And, if a defendant does proffer a reason for a reduction that the Court-no longer bound by § 1B1.3-finds to be extraordinary and compelling, that alone is not a basis to reduce a sentence. The defendant still must convince the Court “to exercise discretion to grant the motion for compassionate release after considering the Section 3553(a) factors.” Ward v. United States, 11 F.4th 354, 361 (5th Cir. 2021) (cleaned up; quoting Shkambi, 993 F.3d at 392). Cf. Thompson, 984 F.3d at 433 & n.2 (affirming denial of compassionate release motion just on the district court's determination that no extraordinary and compelling reasons warranted release).

III. DISCUSSION

Before a defendant may bring his own motion, the FSA, “in clear language, specifies” that “a defendant must submit a request to ‘the Bureau of Prisons to bring a motion on the defendant's behalf.'” United States v. Franco, 973 F.3d 465, 468 (5th Cir. 2020) (quoting § 3582(c)(1)(A)). This “prefiling administrative exhaustion requirement is not jurisdictional, but it is a mandatory claim-processing rule.” United States v. Harmon, 834 Fed.Appx. 101, 101-02 (5th Cir. 2021) (per curiam) (citing Franco, 973 F.3d at 467-68). So, if “the Government properly raise[s] the rule requiring exhaustion in the district court, ‘the court must enforce the rule.'” Id. at 102 (quoting Franco, 973 F.3d at 468; emphasis by Franco). Here, the Government does not raise the rule. See Dkt. No. 908. Therefore, the Court will consider the merits of Solomon's motion.

a. Extraordinary and Compelling Reason for a Sentence Reduction

Solomon argues that pursuant to United States v. Davis,-U.S.-, 139 S.Ct. 2319, 204 L.Ed.2d 757 (2019), he would not have been convicted and sentenced under 18 U.S.C. § 924(c) if he were sentenced today and that this amounts to an extraordinary and compelling reason for a sentence reduction. See Dkt. No. 901 at 3. The Court agrees.

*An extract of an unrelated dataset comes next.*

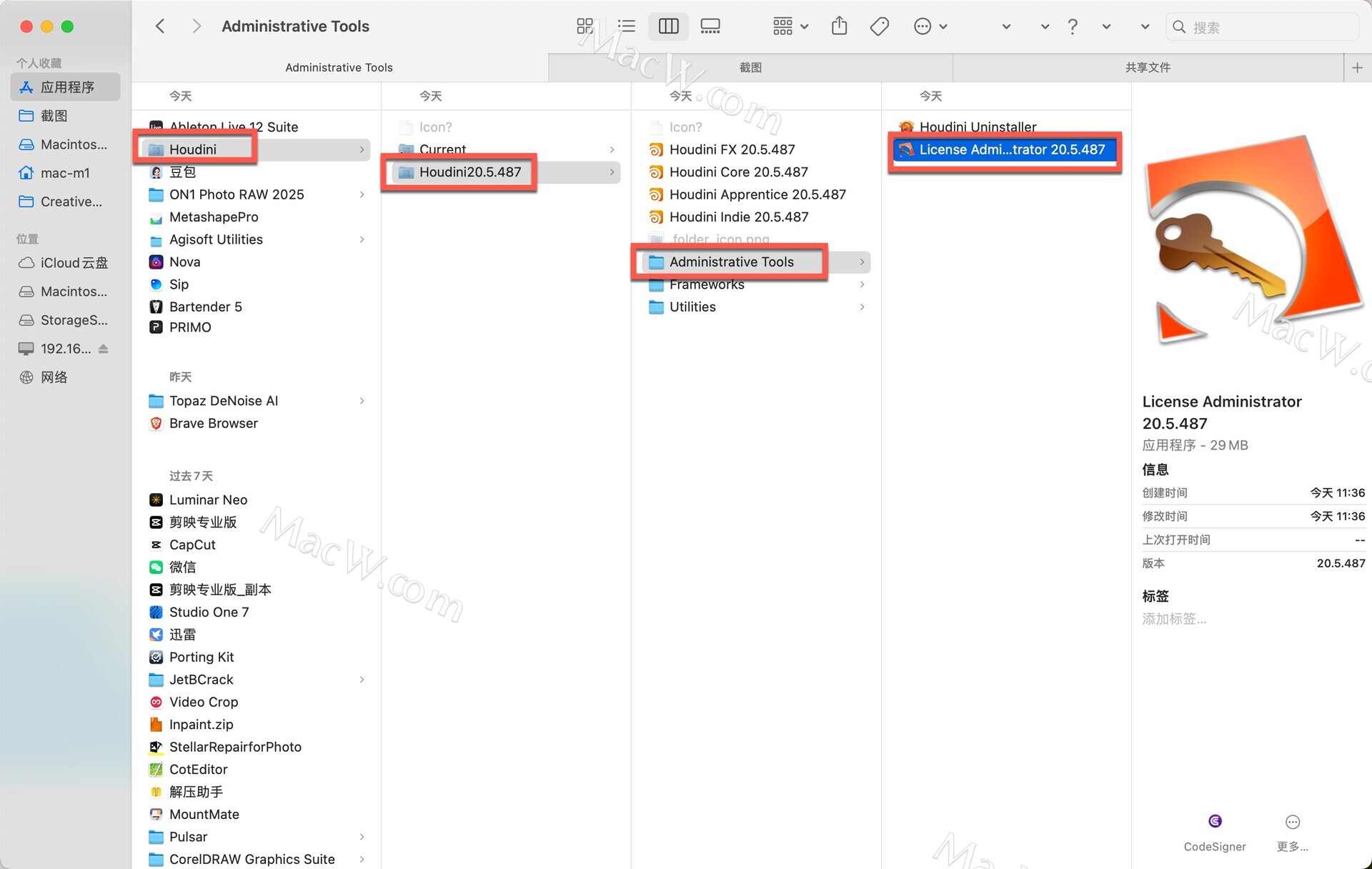 打开应用程序/Houdini/Houdini20.5.487/Administrative Tools/License Administrator 20.5.487文件

Section 924(c) subjects to criminal liability “any person who, during and in relation to any crime of violence.uses or carries a firearm, or who, in furtherance of any such crime, possesses a firearm.” Section 924(c) provides two definitions of “crime of violence.” The first, the so-called “elements clause,” defines a crime of violence as a felony that “has as an element the use, attempted use, or threatened use of physical force against the person or property of another.” 18 U.S.C. § 924(c)(3)(A). The second, the “residual clause,” defines a crime of violence as a felony “that by its nature, involves a substantial risk that physical force against the person or property of another may be used in the course of committing the offense.” Id. § 924(c)(3)(B).

But, in Davis, the Supreme Court found the “residual clause” to be unconstitutionally vague. Davis, 139 S.Ct. at 2323-34.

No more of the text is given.